Extracting the Latest Available Year Data-CodePudding

I have a fairly large annual dataset in long format and with very large amount of missing values. I am trying to extract the data points for each column for the latest available year.

Input:

ID	Year	x	y
1	2017	1	NA
1	2018	NA	NA
1	2019	3	NA
1	2020	NA	c

data.frame(ID=c(1,1,1,1),
           Year =c(2017, 2018, 2019, 2020),
           x=c(1, NA, 3, NA),
           y=c(NA, NA, NA, "c")
)

Output:

ID	x	y
1	3	c

data.frame(ID=1,
           x=3,
           y="c"
           )

Many thanks in advance for your help.

CodePudding user response：

You can try:

library(dplyr)
library(tidyr)    

dfx %>%
  pivot_longer(-c(ID, Year),
               values_transform = list(value = as.character)) %>% 
  na.omit() %>% 
  group_by(ID, name) %>% 
  filter(Year == max(Year)) %>% 
  dplyr::select(-Year) %>% 
  pivot_wider(values_from = value, names_from = name) 

# # A tibble: 1 x 3
# ID x     y    
# <dbl> <chr> <chr>
#   1     1 3     c

CodePudding user response：

Assuming the rows are sorted by year within ID (which is the case in the question's example -- sort it first using arrange(ID, Year) if not), remove Year, group by ID, fill in each remaining column and take the last row of the group.

library(dplyr, exclude = c("lag", "filter"))
library(tidyr)

DF %>%
  select(-Year) %>%
  group_by(ID) %>%
  fill %>%
  slice_tail %>%
  ungroup

giving:

# A tibble: 1 x 3
     ID     x y    
  <dbl> <dbl> <chr>
1     1     3 c

2) na.locf0 from zoo would also work and gives the same result.

library(dplyr, exclude = c("lag", "filter"))
library(zoo)

DF %>%
  select(-Year) %>%
  group_by(ID) %>%
  mutate(across(.fns = na.locf0)) %>%
  slice_tail %>%
  ungroup

CodePudding user response：

You may want to address a few things to your question to generate an appropriate response.

Separate the logic of the question into a Reprex. The question is a little unclear in how you want to get your output without selecting them manually.
Show/explain ways that you have attempted the problem as well so people don't waste their time or feel like you haven't tried. From what you have there i'll give it a go to see if anything helps you.

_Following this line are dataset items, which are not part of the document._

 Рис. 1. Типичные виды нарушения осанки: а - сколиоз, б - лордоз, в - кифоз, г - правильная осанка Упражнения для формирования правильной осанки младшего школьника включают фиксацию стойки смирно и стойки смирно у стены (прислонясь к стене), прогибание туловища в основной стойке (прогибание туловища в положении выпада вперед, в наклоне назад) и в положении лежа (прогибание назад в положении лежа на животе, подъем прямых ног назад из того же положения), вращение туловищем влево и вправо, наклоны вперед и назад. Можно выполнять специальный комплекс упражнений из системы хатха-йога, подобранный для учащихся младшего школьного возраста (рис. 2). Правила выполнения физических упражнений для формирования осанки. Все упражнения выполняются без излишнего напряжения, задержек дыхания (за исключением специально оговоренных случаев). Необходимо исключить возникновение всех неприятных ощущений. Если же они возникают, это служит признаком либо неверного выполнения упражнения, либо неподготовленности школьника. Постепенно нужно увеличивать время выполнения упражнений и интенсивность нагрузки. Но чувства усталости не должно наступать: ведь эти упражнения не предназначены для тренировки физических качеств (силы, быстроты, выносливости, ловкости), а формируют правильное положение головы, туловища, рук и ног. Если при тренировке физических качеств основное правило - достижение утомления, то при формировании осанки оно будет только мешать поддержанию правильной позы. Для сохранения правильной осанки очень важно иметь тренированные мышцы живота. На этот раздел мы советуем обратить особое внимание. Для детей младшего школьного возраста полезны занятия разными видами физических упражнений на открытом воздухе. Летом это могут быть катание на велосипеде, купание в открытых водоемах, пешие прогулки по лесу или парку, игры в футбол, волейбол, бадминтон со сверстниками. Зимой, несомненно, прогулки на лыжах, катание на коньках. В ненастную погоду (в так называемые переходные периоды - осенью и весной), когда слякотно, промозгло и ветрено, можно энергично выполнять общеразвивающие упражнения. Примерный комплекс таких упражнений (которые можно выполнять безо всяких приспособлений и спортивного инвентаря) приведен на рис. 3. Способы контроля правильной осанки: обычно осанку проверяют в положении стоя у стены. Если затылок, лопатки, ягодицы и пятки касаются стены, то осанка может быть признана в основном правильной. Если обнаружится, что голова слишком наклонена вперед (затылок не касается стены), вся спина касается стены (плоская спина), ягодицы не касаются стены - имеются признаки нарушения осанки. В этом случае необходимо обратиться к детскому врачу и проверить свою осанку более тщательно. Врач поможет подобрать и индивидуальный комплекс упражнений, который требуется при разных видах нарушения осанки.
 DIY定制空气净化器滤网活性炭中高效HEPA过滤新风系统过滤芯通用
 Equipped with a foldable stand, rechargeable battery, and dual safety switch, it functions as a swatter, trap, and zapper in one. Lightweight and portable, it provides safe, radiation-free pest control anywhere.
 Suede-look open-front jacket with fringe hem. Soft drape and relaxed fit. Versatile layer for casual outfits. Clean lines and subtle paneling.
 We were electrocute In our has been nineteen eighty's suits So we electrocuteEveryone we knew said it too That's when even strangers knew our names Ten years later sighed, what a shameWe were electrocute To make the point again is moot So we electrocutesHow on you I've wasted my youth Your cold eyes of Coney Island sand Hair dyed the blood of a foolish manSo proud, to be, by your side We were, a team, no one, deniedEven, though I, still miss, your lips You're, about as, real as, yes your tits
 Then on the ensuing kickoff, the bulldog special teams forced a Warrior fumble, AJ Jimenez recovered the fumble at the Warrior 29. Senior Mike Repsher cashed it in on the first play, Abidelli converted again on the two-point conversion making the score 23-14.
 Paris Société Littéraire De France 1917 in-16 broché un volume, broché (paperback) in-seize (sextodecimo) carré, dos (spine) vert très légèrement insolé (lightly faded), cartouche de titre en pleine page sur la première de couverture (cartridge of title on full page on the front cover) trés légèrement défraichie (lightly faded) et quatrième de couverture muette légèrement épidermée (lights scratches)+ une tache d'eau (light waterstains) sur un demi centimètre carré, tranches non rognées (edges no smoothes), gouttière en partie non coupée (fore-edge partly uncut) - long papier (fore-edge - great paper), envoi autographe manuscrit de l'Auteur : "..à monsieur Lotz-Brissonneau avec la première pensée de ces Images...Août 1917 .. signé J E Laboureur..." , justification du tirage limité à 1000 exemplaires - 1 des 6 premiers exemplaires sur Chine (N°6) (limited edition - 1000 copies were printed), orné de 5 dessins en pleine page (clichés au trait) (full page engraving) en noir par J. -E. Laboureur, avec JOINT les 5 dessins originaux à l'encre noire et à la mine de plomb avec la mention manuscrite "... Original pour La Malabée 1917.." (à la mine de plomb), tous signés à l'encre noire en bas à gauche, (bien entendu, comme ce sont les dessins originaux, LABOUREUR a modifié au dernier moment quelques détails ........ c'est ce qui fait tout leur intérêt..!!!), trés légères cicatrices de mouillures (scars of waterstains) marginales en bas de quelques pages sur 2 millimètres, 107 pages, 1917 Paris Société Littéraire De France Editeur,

df <- data.frame(ID=c(1,1,1,1),
           Year =c(2017, 2018, 2019, 2020),
           x=c(1, NA, 3, NA),
           y=c(NA, NA, NA, "c")
)
# Remove year like in example?
df <- df %>% 
    select(., -Year) %>%
    filter(, !is.na(y))

# Get values you want?
> df.x <- df %>% 
    select(x) %>%
    na.omit() %>%
    as.double()
# Put together
df[2] <- df.x